Reporterismo de sucesos en Venezuela (3)

 

En esta tercera entrega le doy continuación a esta serie que, como no dije antes, no había pensado escribirla como tal, pues creí que con un solo artículo bastaría; pero se ha tornado muy interesante, y se ha ido alimentando con material que recibo por diversas vías, de parte de personas que se han autocalificado como «asiduos» seguidores de este trabajo de divulgación periodística, lo cual me agrada y me honra.

La intención es que, quienes hayan ayudado al taller que les he mencionado varias veces, puedan repasar lo que vieron y ver otros casos que no fueron tratados. De igual forma, si se lo proponen, los que no asistieron, también podrán sacar provecho. Encontrarn palabras, frases y expresiones que, aunque no son del reporterismo de sucesos, aparecen muy frecuentemente en varias fuentes.

Frases como «la Alcaldía Municipal del Municipio» y «el Concejo Municipal del Municipio», son frecuentes en la fuente de comunidad; en tanto que «embajada extranjera» y «paises extranjeros», que son de la fuente política, han resurgido luego de lo ocurrido en Venezuela el 3 de enero del presente año.

Es prudente advertir que las alcaldías y los concejos, por lo menos en Venezuela, son municipales, por lo que, si alguien dice «alcaldía municipal del municipio» o «concejo municipal del municipio», incurre en una redundancia sonora. Deben tener presente que concejo cuando es el municipal, se escribe con «c». Si ese no es el caso, entonces será consejo. ¡Lo que sí es importantísimo, es que tomen el consejo!

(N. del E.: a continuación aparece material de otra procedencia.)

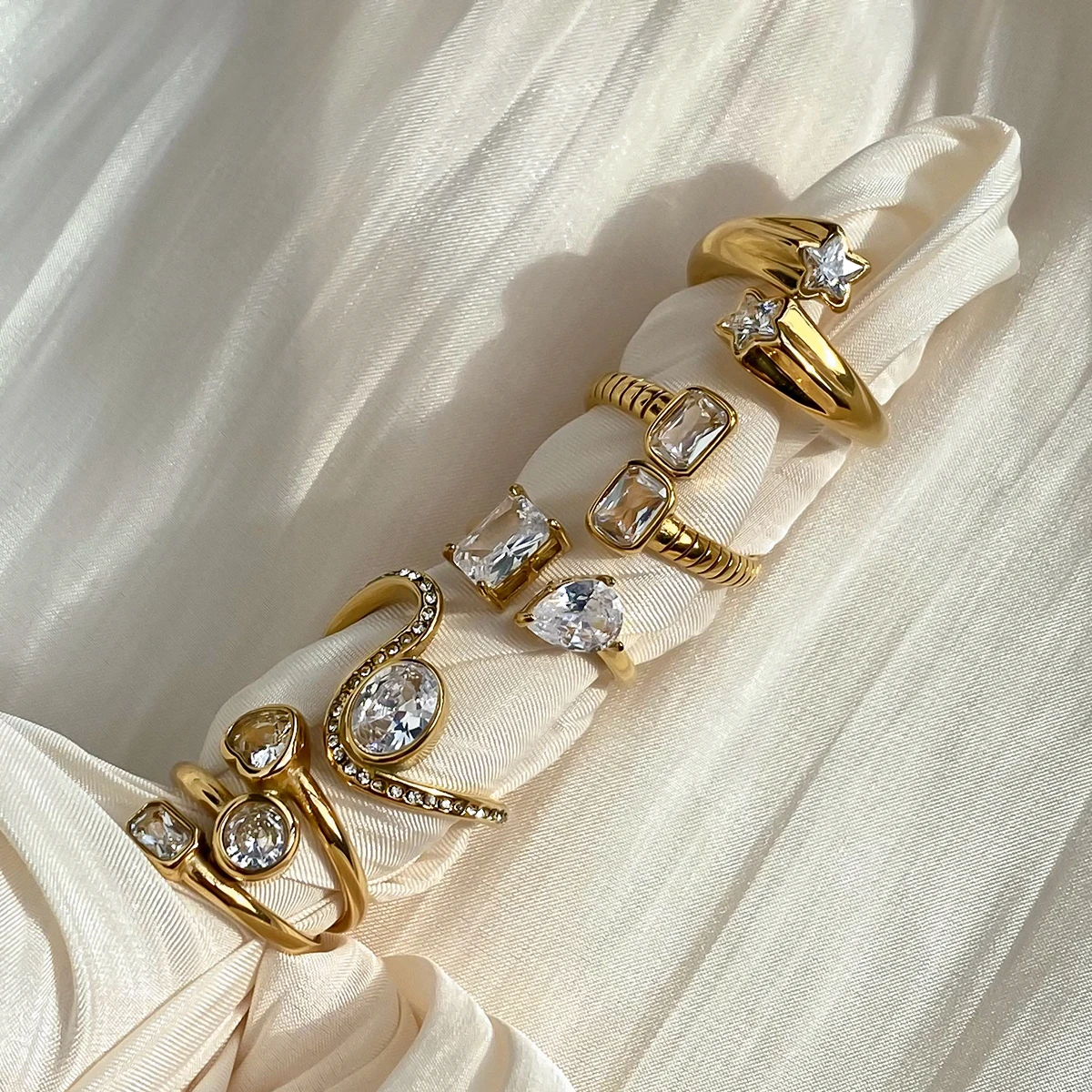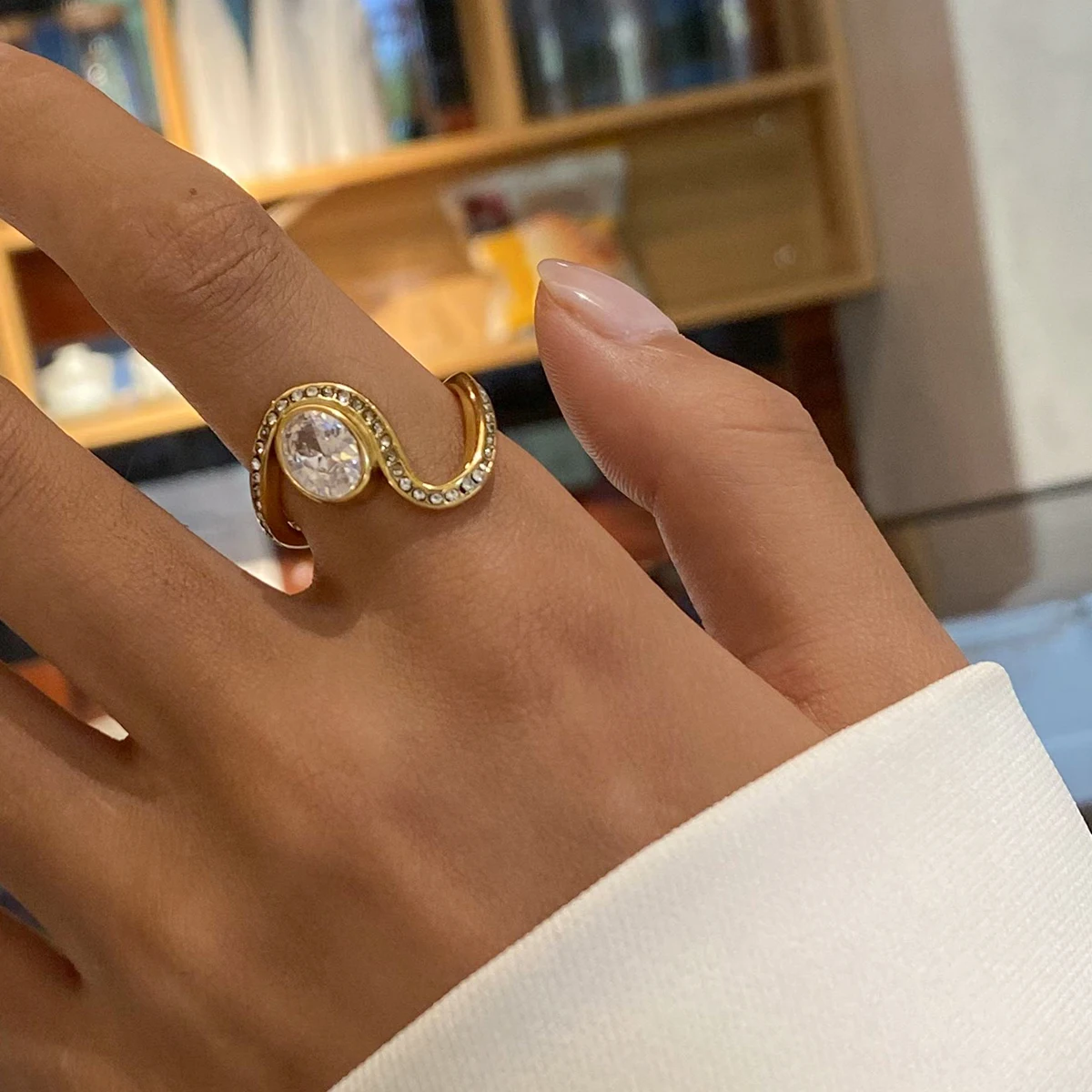 New York’s Fashion Luxury Shiny AAA Cubic Zirconia Stainless Steel Geometric Open-end Ring High Quality Texured Jewelry Accessories for Wome

No hay, desde el punto de vista de las naciones, una embajada que no sea extranjera, ni un país que no lo sea, con relación a otro. Son frases redundantes que aparecen casi a diario en la fuente de política, y por eso no quise que pasen inadvertidas.

«El sujeto huyo siendo detenido…» es una expresión que usa la mayoría de los redactores de sucesos en Venezuela, sin darse cuenta de que hay algo impropio. En esta frase, la forma de gerundio (siendo) está mal utilizada, pues según las reglas, debe haber simultaneidad o posteridad casi inmediata con el verbo principal, que en este caso es «huyó». No es posible, por lo menos en la vida real, que en el mismo momento en que huyó, el sujeto haya sido detenido. Lo correcto, lo decente y adecuado es: «El sujeto huyó y posteriormente fue detenido».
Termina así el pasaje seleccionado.